→ WHAT TO PRODUCE:
Scan the data below and copy each line where "during" occurs.

Records from a dataset:
________________________________________

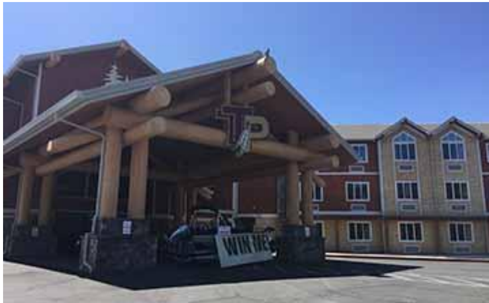
Twin Pine Casino & Hotel
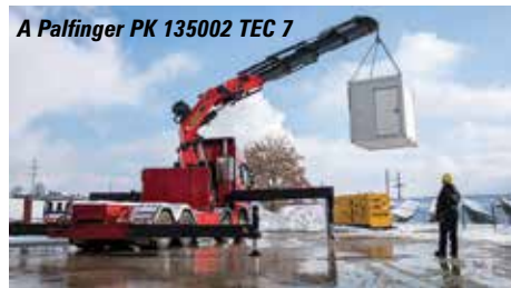
A Palfinger PK 135002 TEC 7

The access stand will feature its first hybrid truck mounted platform - the 37 metre P370 KS E - and a prototype PK 18502 SH electric powered model, two new Light class NX platforms the P220 BK and the P280 CK, and the P130 A and P 200 AXE Smart class platforms together with a 25 metre P 250 AJTK spider lift and an insulated platform with 14 metres outreach.
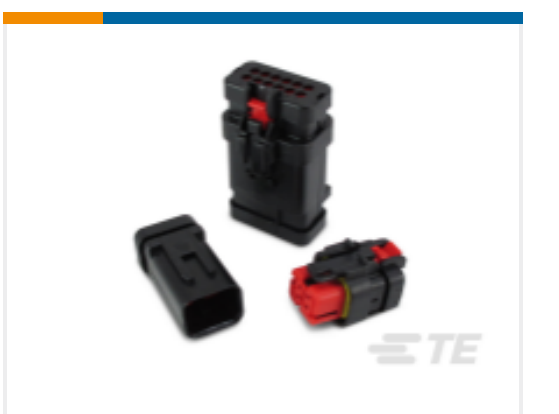
TE Part # CAT-AM7801-CH8172 AMPSEAL 16 Housings
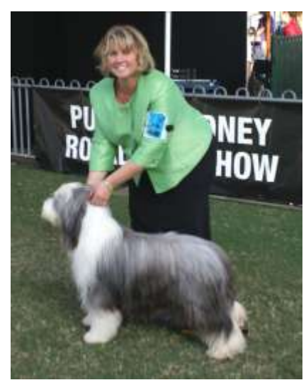
Junior In Show: Ch Bonibraes Dance With Me
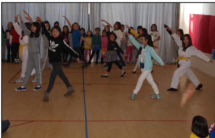
(Above) Students perform a dance number during the monthly Spirit Day Assembly. (Below) Gold House Captain and Co-Captain lead their Spirit House in a cheer after point totals for the month are announced.

Earlier in the day, classrooms were open during morning recess as teachers hosted a variety of physical activities in conjunction with the Spirit Day.
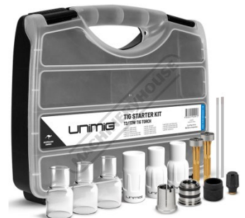
UMSKT2 T2 Tig Torch Consumable Pack
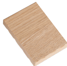
Flat Jamb (Stop Supplied)

________________________________________

→ SOLUTION BELOW:
(Above) Students perform a dance number during the monthly Spirit Day Assembly. (Below) Gold House Captain and Co-Captain lead their Spirit House in a cheer after point totals for the month are announced.
Earlier in the day, classrooms were open during morning recess as teachers hosted a variety of physical activities in conjunction with the Spirit Day.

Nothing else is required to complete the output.